Please repeat the whole listing exactly, but leave the pictures out.

_Recorded data_
* * *
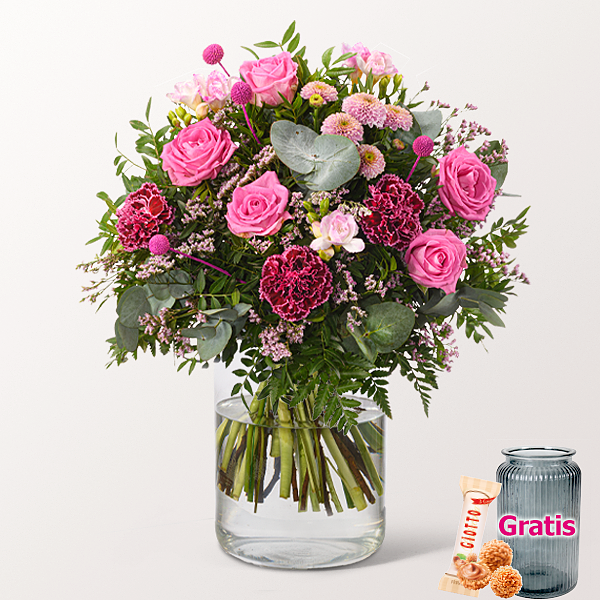 Moderner Premiumstrauß mit rosa Rosen, rosa Freesien, pinken Trommelschlägeln, Nelken St. Nob. Burgundy, rosa Limonium, rosa Santiniball, Eukalyptus, Lederfarn und Pistochia. Durchmesser ca. 45 cm. Frisch für Dich zusammengestellt, mit Pflegetipps, Blumennahrung und Wasser versorgt.Hinweis: Die Freesien des Straußes kommen im frischen und unaufgeblühten Zustand. Sie öffnen sich später als die anderen Blumen, je nach Standort und Temperatur. Dann bereitet der Strauß viel länger Freude.
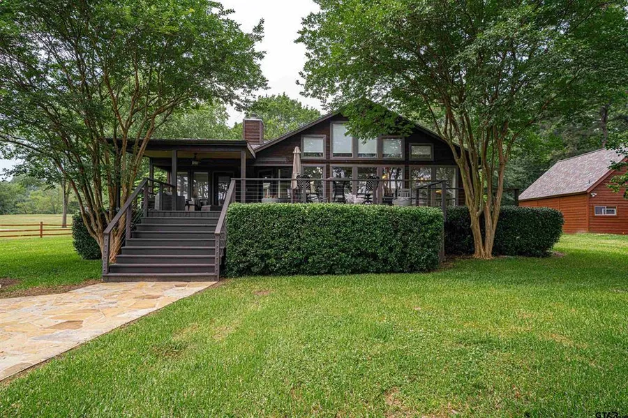 Welcome to your idyllic waterfront retreat on Beautiful Lake Cypress Springs, located in the premier gated community of Eagle Point. This fantastic cedar home offers not only breathtaking lake views but also an array of luxurious features and amenities designed for the ultimate in lake living. Updated in 2018, this 3-bedroom, 2-bathroom, 2-car detached garage home showcases a great room, kitchen, and dining area with an open living concept that exudes modern elegance and comfort. Cathedral ceilings and a wall of windows frame the picturesque lake views, filling the space with natural light. The stone fireplace with gas logs adds a cozy touch, perfect for cool evenings by the fire. The kitchen is a chef's delight, featuring stainless steel appliances, a breakfast bar, and ample counter space for repairing gourmet meals. The split primary bedroom offers privacy and convenience, with direct access to the covered deck. The ensuite bathroom both double vanities, a spacious walk-in shower, and a large closet, providing a luxurious retreat. Outdoor living is a highlight of this property, with both open and covered decks offering plenty of space for relaxation and entertainment. Enjoy the hot tub while taking in the serene length views or gather around the fire pit with family and friends. The property also includes a storage building that could serve as a small bunkhouse, providing extra space for guests. The 2-stall boathouse with its lifts and additional floating dock for jet skis ensures endless water activities and fun. There's plenty of area to park boat and jet ski trailers, making it easy to launch and retrieve your watercraft. Most furnished things will convey with the property, making this home move-in ready for summer lake living. Embrace the southern breeze and the tranquility of Lake Cypress Springs in this exceptional Eagle Point home. Experience the best of like living in this luxurious and inviting retreat.
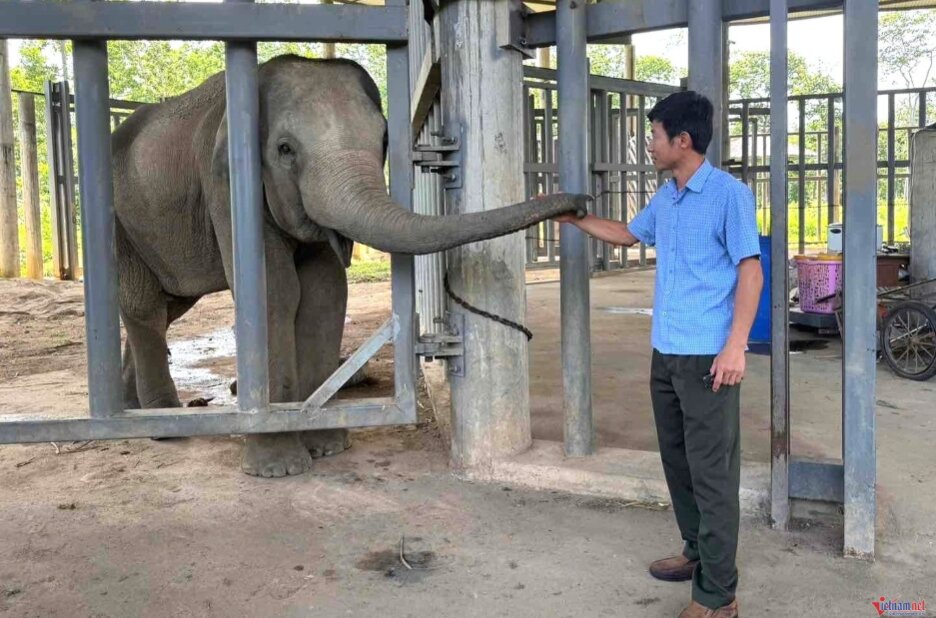 Ông Nguyễn Công Chung gắn bó gần 10 năm nay với voi Gold. Ảnh: Hải Dương
* * *
_Response_
 Moderner Premiumstrauß mit rosa Rosen, rosa Freesien, pinken Trommelschlägeln, Nelken St. Nob. Burgundy, rosa Limonium, rosa Santiniball, Eukalyptus, Lederfarn und Pistochia. Durchmesser ca. 45 cm. Frisch für Dich zusammengestellt, mit Pflegetipps, Blumennahrung und Wasser versorgt.Hinweis: Die Freesien des Straußes kommen im frischen und unaufgeblühten Zustand. Sie öffnen sich später als die anderen Blumen, je nach Standort und Temperatur. Dann bereitet der Strauß viel länger Freude.
 Welcome to your idyllic waterfront retreat on Beautiful Lake Cypress Springs, located in the premier gated community of Eagle Point. This fantastic cedar home offers not only breathtaking lake views but also an array of luxurious features and amenities designed for the ultimate in lake living. Updated in 2018, this 3-bedroom, 2-bathroom, 2-car detached garage home showcases a great room, kitchen, and dining area with an open living concept that exudes modern elegance and comfort. Cathedral ceilings and a wall of windows frame the picturesque lake views, filling the space with natural light. The stone fireplace with gas logs adds a cozy touch, perfect for cool evenings by the fire. The kitchen is a chef's delight, featuring stainless steel appliances, a breakfast bar, and ample counter space for repairing gourmet meals. The split primary bedroom offers privacy and convenience, with direct access to the covered deck. The ensuite bathroom both double vanities, a spacious walk-in shower, and a large closet, providing a luxurious retreat. Outdoor living is a highlight of this property, with both open and covered decks offering plenty of space for relaxation and entertainment. Enjoy the hot tub while taking in the serene length views or gather around the fire pit with family and friends. The property also includes a storage building that could serve as a small bunkhouse, providing extra space for guests. The 2-stall boathouse with its lifts and additional floating dock for jet skis ensures endless water activities and fun. There's plenty of area to park boat and jet ski trailers, making it easy to launch and retrieve your watercraft. Most furnished things will convey with the property, making this home move-in ready for summer lake living. Embrace the southern breeze and the tranquility of Lake Cypress Springs in this exceptional Eagle Point home. Experience the best of like living in this luxurious and inviting retreat.
 Ông Nguyễn Công Chung gắn bó gần 10 năm nay với voi Gold. Ảnh: Hải Dương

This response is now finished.